1. Title : Self-organized 3D microtissue for regenerative medicine and drug discovery

2. Speaker : Kim, Sang-Heon, Ph.D.

3. Affiliation : Principle Research Scientist/Professor, Center for Biomaterials, Biomedical Engineering Institute,
                       Korea Institute of Science and Technology (KIST) University of Science and Technology (UST)
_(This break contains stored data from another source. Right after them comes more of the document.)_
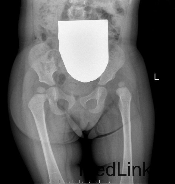 专科检查:抱入病房,行走跛行步态。双侧大腿皮纹不对称,左侧皮纹位置稍高。左下肢轻度外旋,左髋、膝关节轻度屈曲,左髋部无明显肿胀,无压痛、叩击痛,左髋关节外展稍受限,主动伸屈活动尚可,左大转子较对侧上移,Aills征(+),左下肢较对侧短缩约0.6cm,左下肢皮肤感觉正常,末梢血液循环好,各足趾活动良好。 骨盆正位片 :左侧发育性髋关节脱位:左侧髋臼角增大,左侧股骨头向外上移位,骨骺发育较对侧小,股骨头骨骺位于Perkins方格外上象限,Shenton氏线欠连续。髋臼指数:左侧37°,右侧23°。
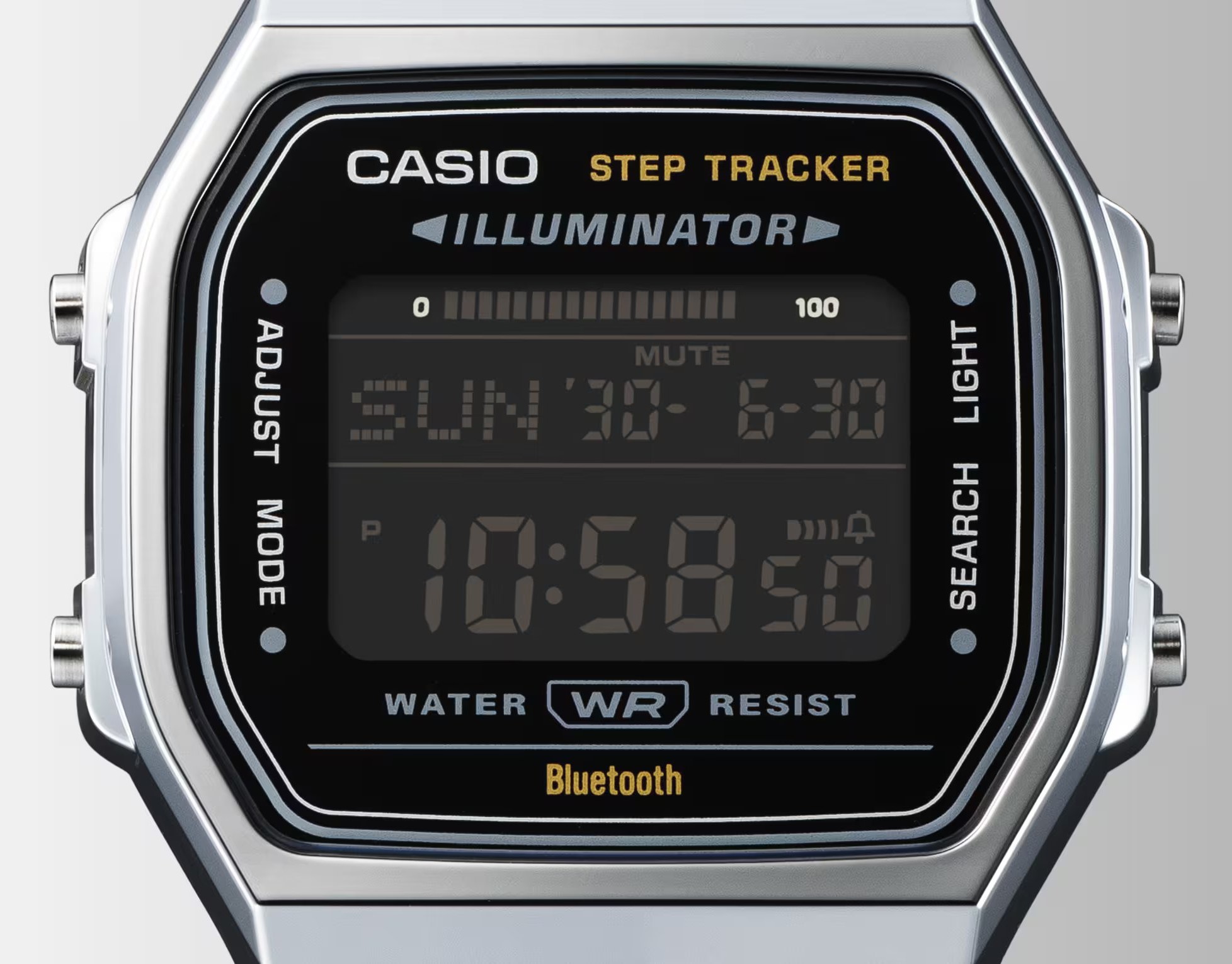 svetlo , duálny čas , kalendár , dátum , indikácia slabej batérie , deň v týždni , krokomer , časovač , stopky , budík , Bluetooth , mesiac v roku
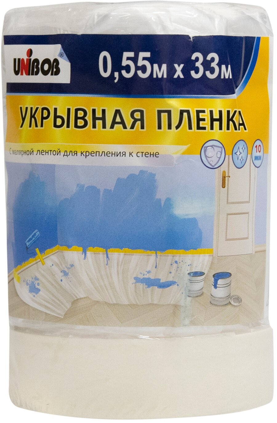 Купить Пленка укрывная UNIBOB 0,55х33 м, с малярной лентой, полиэтилен (38221)
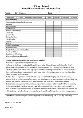 EYFS Report Template Examples New Curriculum | Teaching Resources
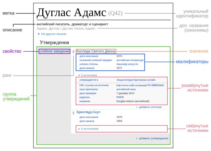 | Keywords: Datamodel in Wikidata ru.svg en Graphic representing the datamodel in Wikidata with a statement group and opened references ru Схематичное п едставление используемой в Викиданных модели данных с показом г уппы утве ждений и азве нутых ссылок на источники 2016-06-21 localization based on File Datamodel in Wikidata svg Charlie Kritschmar WMDE Kaganer other versions Datamodel in Wikidata cc-zero Graphics Wikidata information materials Wikidata Wikidata visualizations | ||||
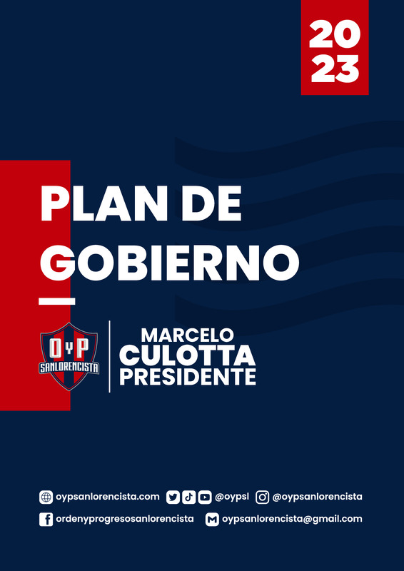 Documento programático de la agrupación Orden y Progreso Sanlorencista presentado en el marco de las elecciones 2023, con propuestas de gestión y candidatura de Marcelo Culotta a la presidencia.
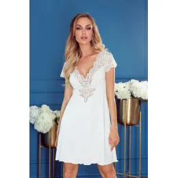 Smyslná noční košilka vytvořená z kombinace viskózy a krajky. Hluboký výstřih do V z bohatě zdobené krajky, krajkové rukávy. Navrženo a ušito v Polsku.

4. Date : 04. 21. 2016 16:00-17:00

5. Place : SIMS Main Building, Auditorium 109 (1F)

6. Abstract

Over the past decade, the concept of tissue engineering has been extended to include technologies that use multi-cellular aggregates, not only to repair or replace tissue, but as a drug screening system with well-defined biological outputs. Within stem cell research as well as tissue engineering, synthetic biomimetic materials have been designed as artificial ECMs (art-ECMs) to stimulate cell adhesion and particular cellular functions and the resulting field has been termed “matrix engineering”. In our strategies, bioactive polypeptides, such as growth factor (GF) or cytokine, fused materials have been employed as art-ECMs to enhance selective interactions between materials and cells and to induce specific functions of the cells. In stem cell and tissue engineering research, studies involving cellular adhesion to an art-ECM have recently heightened. Recently, we demonstrated that heparin sulfate proteoglycan (HSPG) on cell membrane are involved in the cell adhesion via the heparin-binding region of fibronectin. In our previous study, FGF2-immobilized surface was synthesized as a HSPG targeting matrix for stem cell adhesion and was characterized based upon immobilization and biochemical and biological activities. A novel self-organized 3D microtissue, which was obtained by culturing mesenchymal cells on a substrate with the immobilized growth factor, showed various tissue functions such as angiogenesis, fibrosis, and skin-aging. We demonstrated the mechanism of 3D microtissue formation; HSPG-mediated adhesion of cells to FGF2-immobilized substrate is regulated by integrin signaling and leads to reduction in cell-matrix adhesive force. Here, we describe an innovative 3D microtissue culture based on cell adhesion (basic fibroblast growth factor [FGF2]-immobilized substrate) and assess the therapeutic/drug-screening potential of 3D microtissue composed of human mesenchymal cells such as adipose-derived stem cells and fibroblasts.